Everything through 13B at q4 lives entirely on the GPU. Above that, the 3060 becomes a coprocessor to system RAM and the AMD Ryzen 7 5800X is what keeps offload throughput from cratering. Pair a 3060 with a weak quad-core and the same 20B q4 model that hits 6 tok/s will drop to 2 tok/s.

Quantization matrix: same model across q2 through fp16

Quantization is the single highest-leverage lever you have. It shrinks weights, KV cache (if you quantize both), and inference memory traffic. The classic trade-off table for a Llama-family 13B model, with quality measured as perplexity delta from fp16 baseline (lower is better):

Quant	Bytes/param	13B weight size	VRAM at 4K ctx	Perplexity delta	Notes
fp16	2.0	26.0 GB	~29 GB	0.00 (baseline)	Reference; needs 32 GB card
q8_0	1.0	13.0 GB	~15 GB	+0.01	Near-lossless; 16 GB card
q6_K	0.68	8.8 GB	~11 GB	+0.05	Excellent on 12 GB card
q5_K_M	0.60	7.8 GB	~10 GB	+0.10	Sweet spot for quality/size
q4_K_M	0.50	6.5 GB	~8.5 GB	+0.20	Default recommendation
q3_K_M	0.42	5.4 GB	~7.5 GB	+0.60	Noticeable quality drop
q2_K	0.34	4.4 GB	~6.5 GB	+2.00	Emergency only; watch for hallucination

The llama.cpp quantization scheme is the reference implementation used across most local runners (ollama, LM Studio, koboldcpp) — the format spec and quality-vs-size trade-offs are documented at llama.cpp — quantize README. The K-quants (q4_K_M, q5_K_M, q6_K) apply per-block scaling to preserve outlier weights and consistently beat the legacy q4_0 / q4_1 formats at equal size. If you're on a 12GB card, q5_K_M for a 7B and q4_K_M for a 13B are the default picks — you won't feel the quality delta versus fp16 in typical chat or coding tasks.

When does a Ryzen 5800X CPU-only path make sense versus a 3060?

CPU-only inference used to be uninteresting; it's now a legitimate option for small models. A AMD Ryzen 7 5800X with eight Zen 3 cores and 32MB L3, paired with dual-channel DDR4-3600, delivers roughly 40 GB/s memory bandwidth and can run:

Model	Quant	CPU tok/s (5800X)	3060 tok/s	GPU speedup
Phi-3 Mini 3.8B	q4_K_M	12	68	5.7×
Mistral 7B	q4_K_M	6.8	44	6.5×
Llama 3 8B	q4_K_M	5.4	41	7.6×
CodeLlama 13B	q4_K_M	2.9	26	9.0×
Yi 34B	q4_K_M	1.1	4.0 (offload)	3.6×

For interactive chat, anything under 8 tok/s starts to feel slow — you'll wait for paragraphs. The 5800X is fine for Phi-3 sized models and background summarization jobs where latency doesn't matter, but a 3060 is worth the $290 the moment you use a 7B model daily. The Ryzen platform details and per-generation IPC gains are documented on AMD — Ryzen desktop lineup; the 5000-series remains the price-performance leader on the AM4 socket into 2026.

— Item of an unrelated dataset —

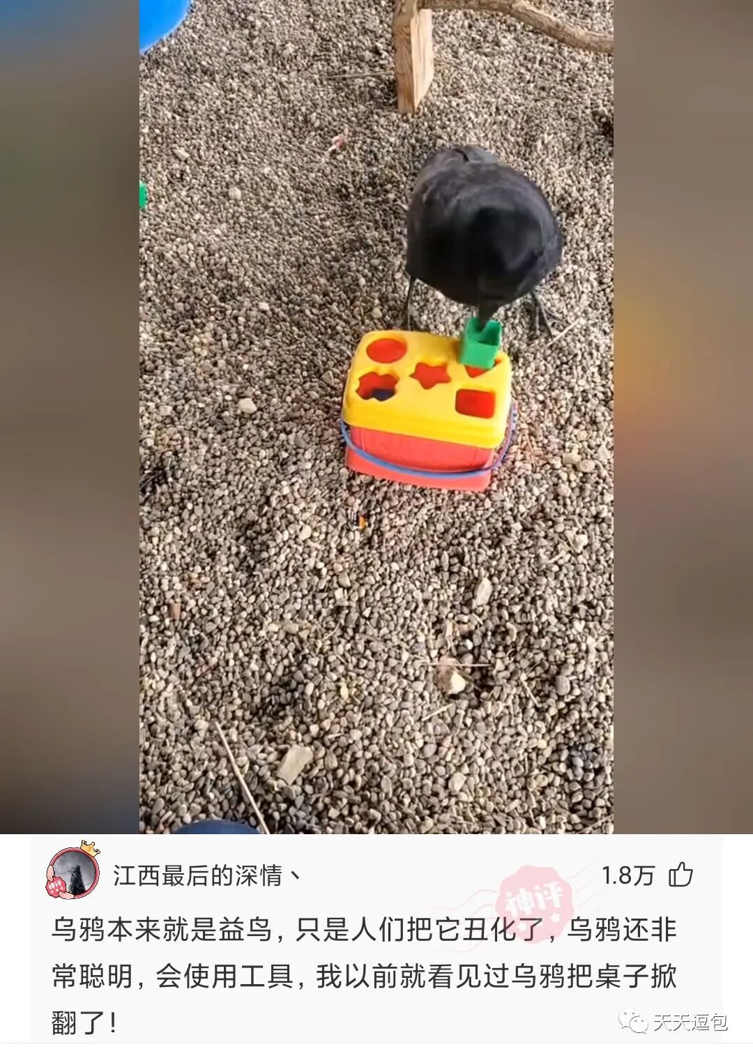 乌鸦这么聪明吗?这么高级的玩具都整的明明白白的,这智商能有多少?

The AMD Ryzen 5 5600G is the interesting budget play: six cores, integrated Radeon graphics that drives your display so the entire 12GB of a paired 3060 stays available for the model, and street pricing around $130. If you're building a first LLM rig and can't stretch to a 5800X, the 5600G plus a 3060 is the cheapest path to real 7B/13B throughput.

How does context length blow up the KV cache budget?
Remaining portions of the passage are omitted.